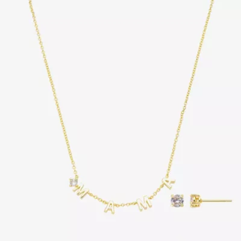 Footnotes Mama Womens Cubic Zirconia 14K Gold Over Brass 2-pc. Jewelry Set
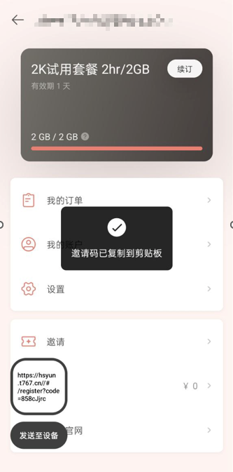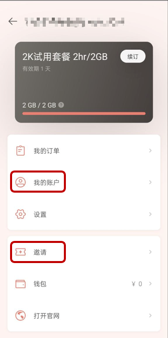 【我的订单】可看到您过往的历史订单。 【我的账户】可退出登录及修改密码。 【邀请】将复制您的个人邀请码,可分享火烧云给您的好友,获得免费时长。→ 关于 推荐奖励制度
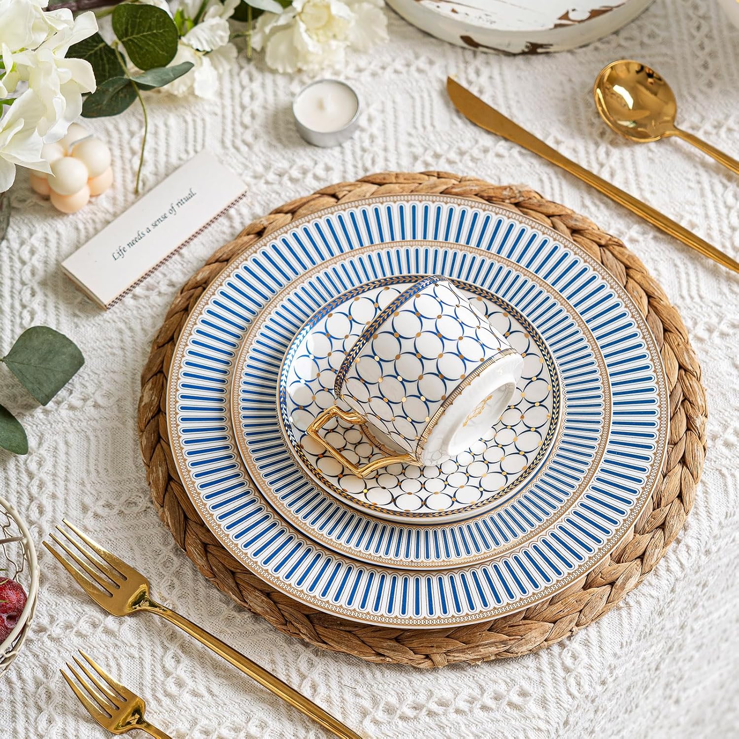 - 【Material】: The tea set is made of high quality and delicate cow bone powder and porcelain special clay, a natural material that does not contain any lead. Up to 45% cow bone powder content makes this real bone china tea set to look clear and delicate, and sound crisp and clear.
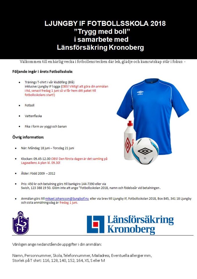 I samarbete med Länsförsäkring Kronoberg arrangerar Ljungby IF fotbollsskola för killar och tjejer födda 2009-2012. Fotbollsskolan "Trygg med boll" går av stapeln under vecka 25 och vi hälsar alla deltagare hjärtligt välkomna. Mer info om Trygg med boll hittar du här. Ljungby IF 29 maj 2018 0kommentarer
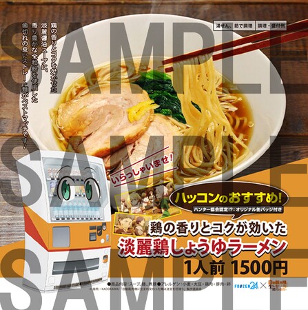 また、ハッコンからキャラクター缶バッジ付きのコラボ商品「ハッコンのおすすめ!鶏の香りとコクが効いた淡麗鶏しょうゆラーメン」をご購入いただけます。8月には都内4か所の「FROZEN24マート」でもコラボ商品が登場いたします。

-.-.-

Write out exactly the lines that run from the top of the listing above to the line containing "- 【Material】: The", both ends included. Omit every picture.

_The answer:_
 Footnotes Mama Womens Cubic Zirconia 14K Gold Over Brass 2-pc. Jewelry Set
 【我的订单】可看到您过往的历史订单。 【我的账户】可退出登录及修改密码。 【邀请】将复制您的个人邀请码,可分享火烧云给您的好友,获得免费时长。→ 关于 推荐奖励制度
 - 【Material】: The tea set is made of high quality and delicate cow bone powder and porcelain special clay, a natural material that does not contain any lead. Up to 45% cow bone powder content makes this real bone china tea set to look clear and delicate, and sound crisp and clear.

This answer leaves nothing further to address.